- INFORMATION SHOWN
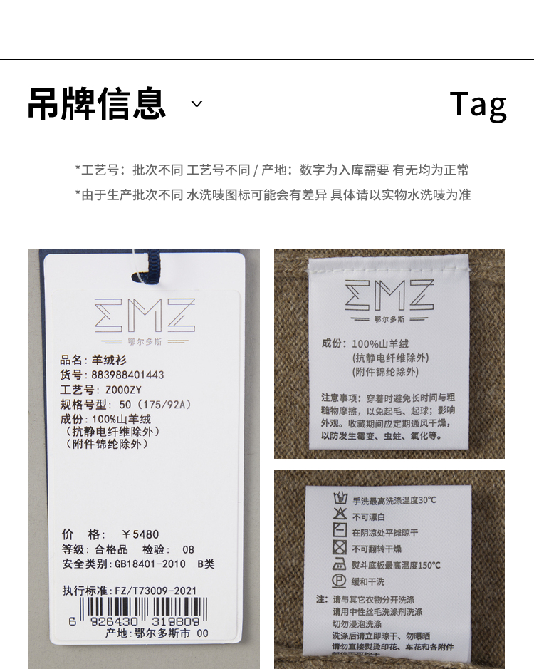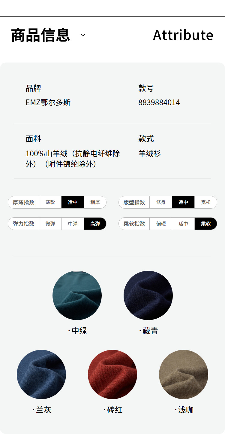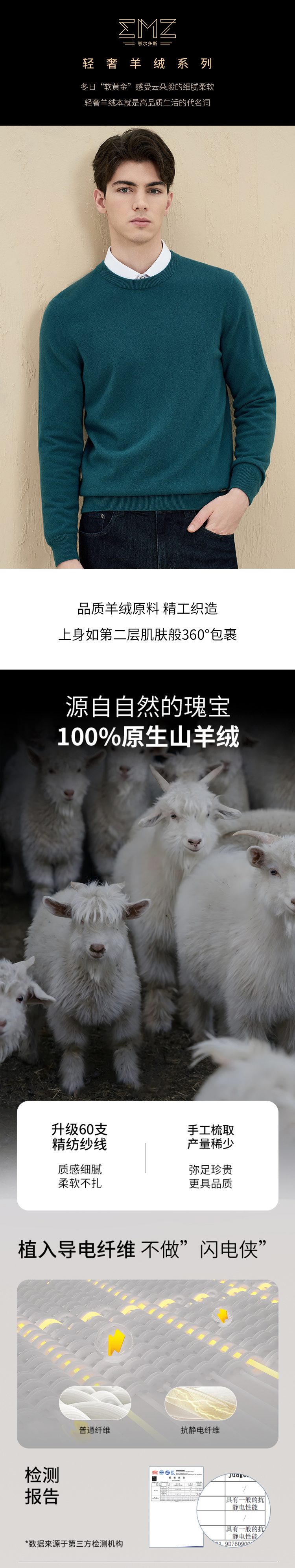 EMZ鄂尔多斯【100%羊绒】羊绒衫男士保暖圆领针织毛衣 8839884014
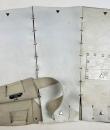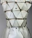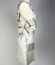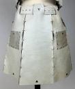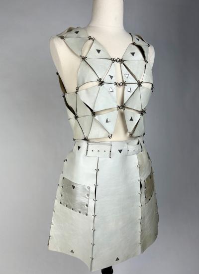 Outfit in leather by Paco Rabanne, mini-skirt and open bolero with triangular ivory leather cut-outs held in place by metal rings. Skirt with flared panels appliqué with silvered pockets and brushed steel triangular studs, with an echo on the bolero and pass belt. Paco Rabanne, Paris paper Label signature on the inside of the belt. Slight patina of the leather and dust on the inside of the leather, otherwise no major defects. Good overall colour and condition.
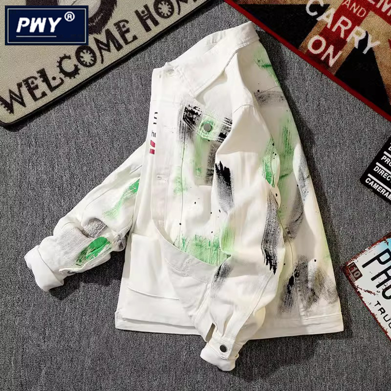 Trendy brand retro hand-painted splashed ink graffiti denim jacket men's spring and autumn casual loose high street ruffian handsome cargo jacket

- PROMPT
Only the text of the listing above should be copied, exactly and with pictures left out.

- ANSWER FOR THIS EXERCISE
 EMZ鄂尔多斯【100%羊绒】羊绒衫男士保暖圆领针织毛衣 8839884014
 Outfit in leather by Paco Rabanne, mini-skirt and open bolero with triangular ivory leather cut-outs held in place by metal rings. Skirt with flared panels appliqué with silvered pockets and brushed steel triangular studs, with an echo on the bolero and pass belt. Paco Rabanne, Paris paper Label signature on the inside of the belt. Slight patina of the leather and dust on the inside of the leather, otherwise no major defects. Good overall colour and condition.
 Trendy brand retro hand-painted splashed ink graffiti denim jacket men's spring and autumn casual loose high street ruffian handsome cargo jacket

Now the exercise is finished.